Anyway, thanks again for the reference.  I'd not come across it before and
really enjoyed reading it.  Let me know if you spot a flaw in my reasoning
above.

Dr Roger Sayle,
Ph.D. Computer Science
--
Comment 6 Benjamin Kosnik 2008-04-24 23:39:29 UTC
Can I re-classify this as an enhancement?
Comment 7 Stephen Howe 2008-04-28 20:17:49 UTC
Roger

I agree with your analysis. I am slightly crestfallen as I was suspicious that Barriato, Hofri etc's paper never mentioned "worst case" only "approximate case".  And I have now seen BFPRT73 paper where it mentions for the number of columns (c) "Note, however, that we must have c >= 5 for PICK to run in linear time". So yes, median-of median of 5 seems best you can do for "worst case".

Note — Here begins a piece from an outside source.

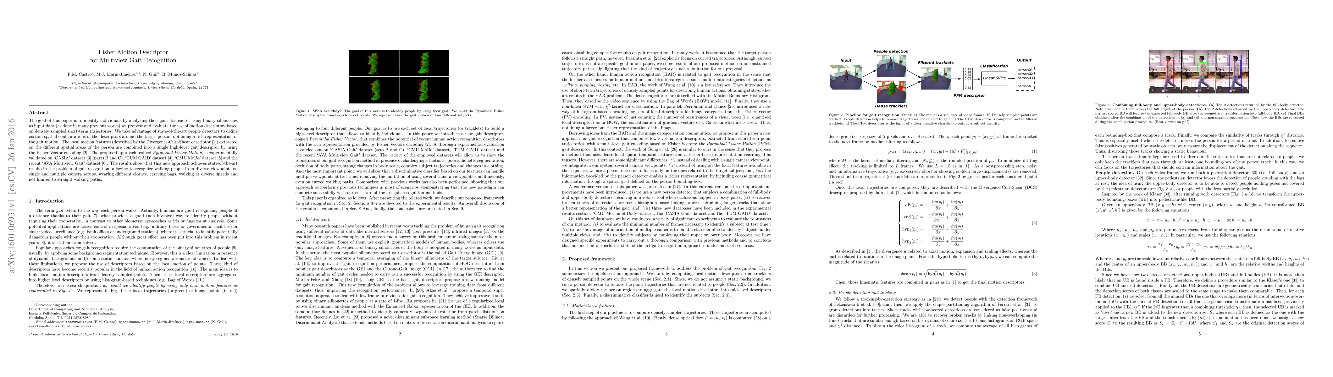 The goal of this paper is to identify individuals by analyzing their gait. Instead of using binary silhouettes as input data (as done in many previous works) we propose and evaluate the use of motion descriptors based on densely sampled short-term trajectories. We take advantage of state-of-the-art people detectors to define custom spatial configurations of the descriptors around the target person, obtaining a rich representation of the gait motion. The local motion features (described by the Divergence-Curl-Shear descriptor) extracted on the different spatial areas of the person are combined into a single high-level gait descriptor by using the Fisher Vector encoding. The proposed approach, coined Pyramidal Fisher Motion, is experimentally validated on `CASIA' dataset (parts B and C), `TUM GAID' dataset, `CMU MoBo' dataset and the recent `AVA Multiview Gait' dataset. The results show that this new approach achieves state-of-the-art results in the problem of gait recognition, allowing to recognize walking people from diverse viewpoints on single and multiple camera setups, wearing different clothes, carrying bags, walking at diverse speeds and not limited to straight walking paths.

The only point in shifting to a different algorithm for the worse case is if
(i)  It is cheaper in terms of total comparisons, swaps, assignments etc
(ii) It is still linear in N in the worse case

Cheers

Stephen Howe
Comment 8 Paolo Carlini 2009-12-15 17:19:06 UTC
Roger, are you still actively working on this?
Comment 9 Paolo Carlini 2010-01-28 17:16:48 UTC
Roger told me in private that he doesn't mean to actively work on this issue any time soon. Unassigning.
Comment 10 Patrick J. LoPresti 2015-05-14 00:21:59 UTC
Worth noting, perhaps, that the C++ standard does _not_ require O(n) worst-case behavior for nth_element. The exact wording (C++11 section 25.4.2 [alg.nth.element] paragraph (3)) says:

Complexity: Linear on average.

It is not obvious (to me) what distribution the "on average" refers to. All permutations of input with equal probability, I suppose (?)

Anyway, just because GCC falls back to an O(N log N) algorithm under some circumstances does not necessarily mean it violates the C++ specification, as long as that fallback only happens in log N of the cases or thereabouts.

Not that I am up for actually performing this complexity analysis.